**Aim of the exercise**
Copy all the data exactly, except the pictures.

[Source data]
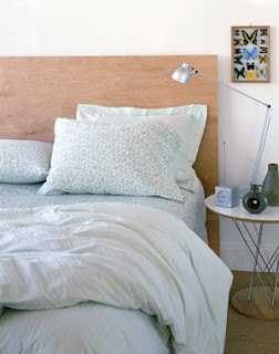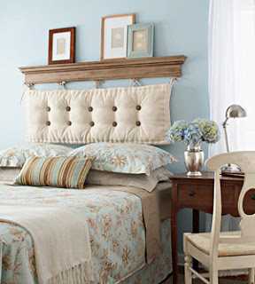 Síðan er það bara þessi klassíska hugmynd.  Viðarplata, bara t.d. spónaplata, sem er látin standa á gólfi, á fótum eða fest við vegginn, en nær vel upp fyrir rúmið.  Best væri að festa aftan á hana einhverja smá kubba þannig að hún standi ekki alveg klesst við vegginn.  Síðan er hægt að láta skera út fyrir sig svamp og festa hann á plötuna.
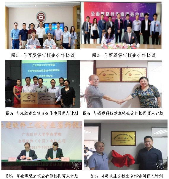 数据科学学院2014年开始,由校董事会和学院领导牵头,与省内外知名信息科技企业建立校企合作关系,并借助高校协同育人项目,与企业共同培养专业技术人才,与百度、商汤、东软睿道教育信息技术有限公司、广州砺锋信息科技有限公司、广州粤嵌通信科技股份有限公司,建立合作并挂牌,如图1-6所示,同时与阿里巴巴、华为、传智播客展开协同育人初步合作。
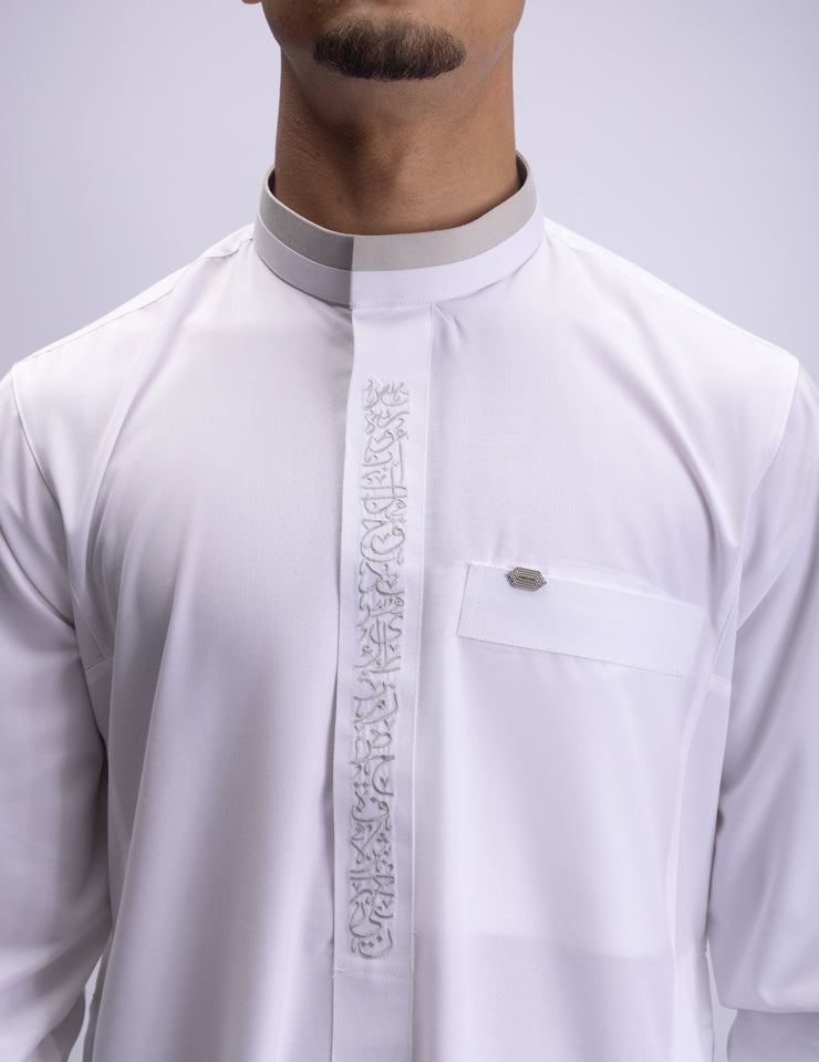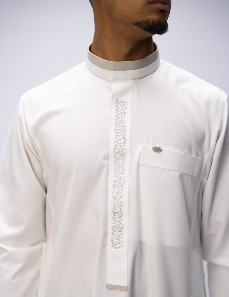 - Arabic Script Detailing - Sophisticated embroidered artistry on the placket
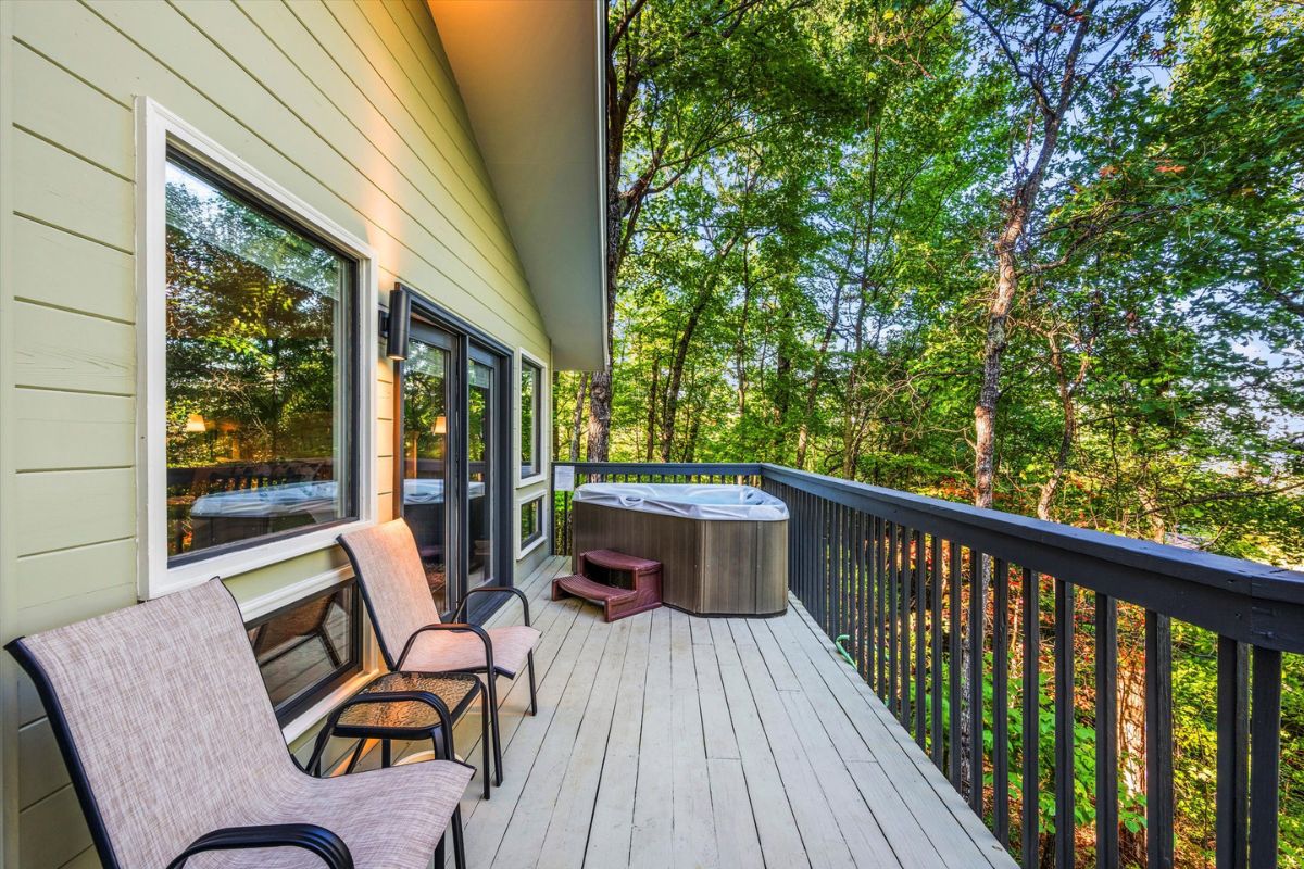 Outside, the deck beckons with a soothing hot tub and picturesque views of downtown Gatlinburg and Mt. LeConte in the distance. Dine al fresco at the pub table set and immerse yourself in the beauty of the Smokies.
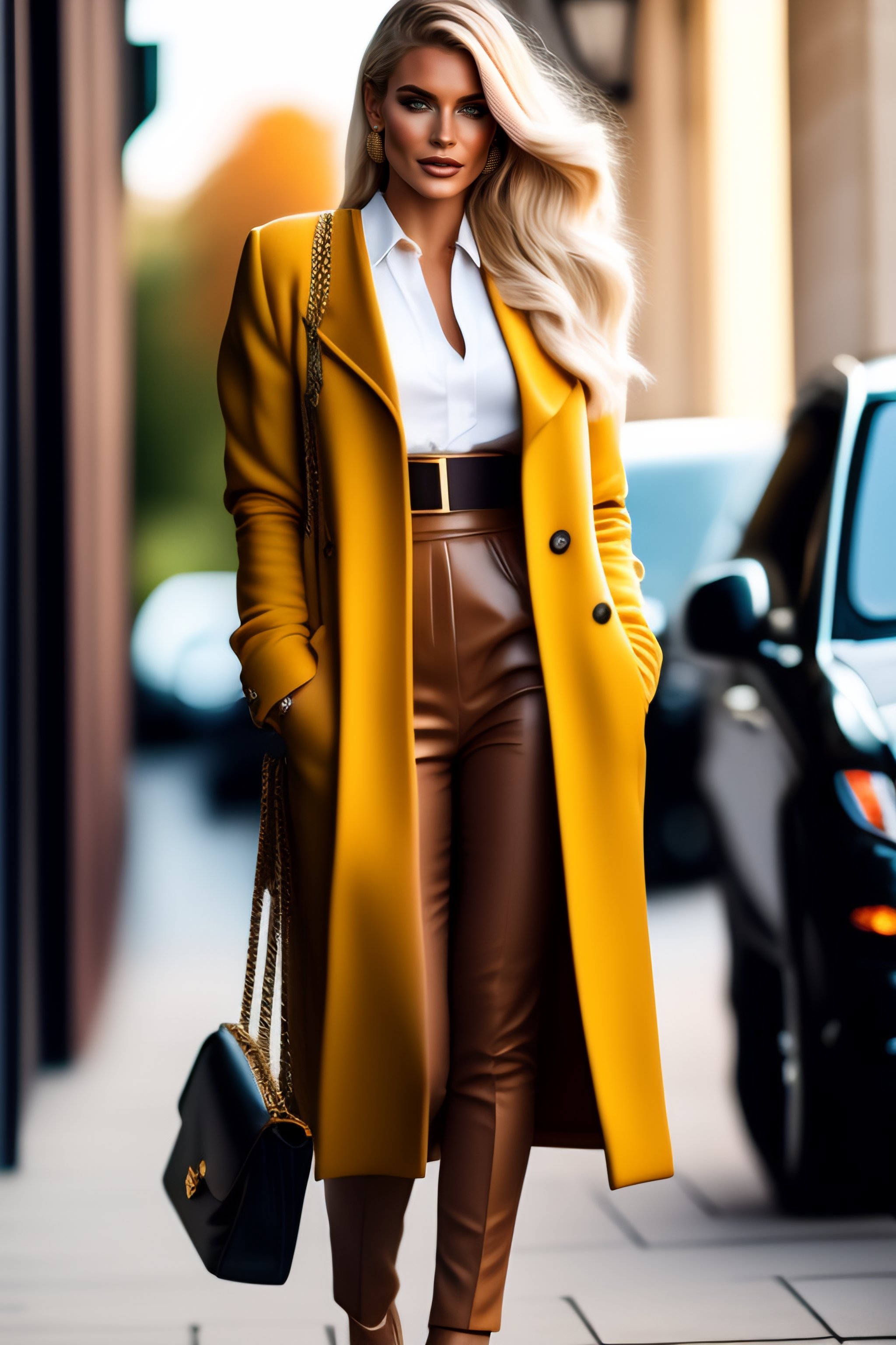 Professional photo of fall outfits collection, blonde model, full body, elle style, london, natural light, vogue, realistic, fashion catalogue

**Answer section**
 Síðan er það bara þessi klassíska hugmynd.  Viðarplata, bara t.d. spónaplata, sem er látin standa á gólfi, á fótum eða fest við vegginn, en nær vel upp fyrir rúmið.  Best væri að festa aftan á hana einhverja smá kubba þannig að hún standi ekki alveg klesst við vegginn.  Síðan er hægt að láta skera út fyrir sig svamp og festa hann á plötuna.
 数据科学学院2014年开始,由校董事会和学院领导牵头,与省内外知名信息科技企业建立校企合作关系,并借助高校协同育人项目,与企业共同培养专业技术人才,与百度、商汤、东软睿道教育信息技术有限公司、广州砺锋信息科技有限公司、广州粤嵌通信科技股份有限公司,建立合作并挂牌,如图1-6所示,同时与阿里巴巴、华为、传智播客展开协同育人初步合作。
 - Arabic Script Detailing - Sophisticated embroidered artistry on the placket
 Outside, the deck beckons with a soothing hot tub and picturesque views of downtown Gatlinburg and Mt. LeConte in the distance. Dine al fresco at the pub table set and immerse yourself in the beauty of the Smokies.
 Professional photo of fall outfits collection, blonde model, full body, elle style, london, natural light, vogue, realistic, fashion catalogue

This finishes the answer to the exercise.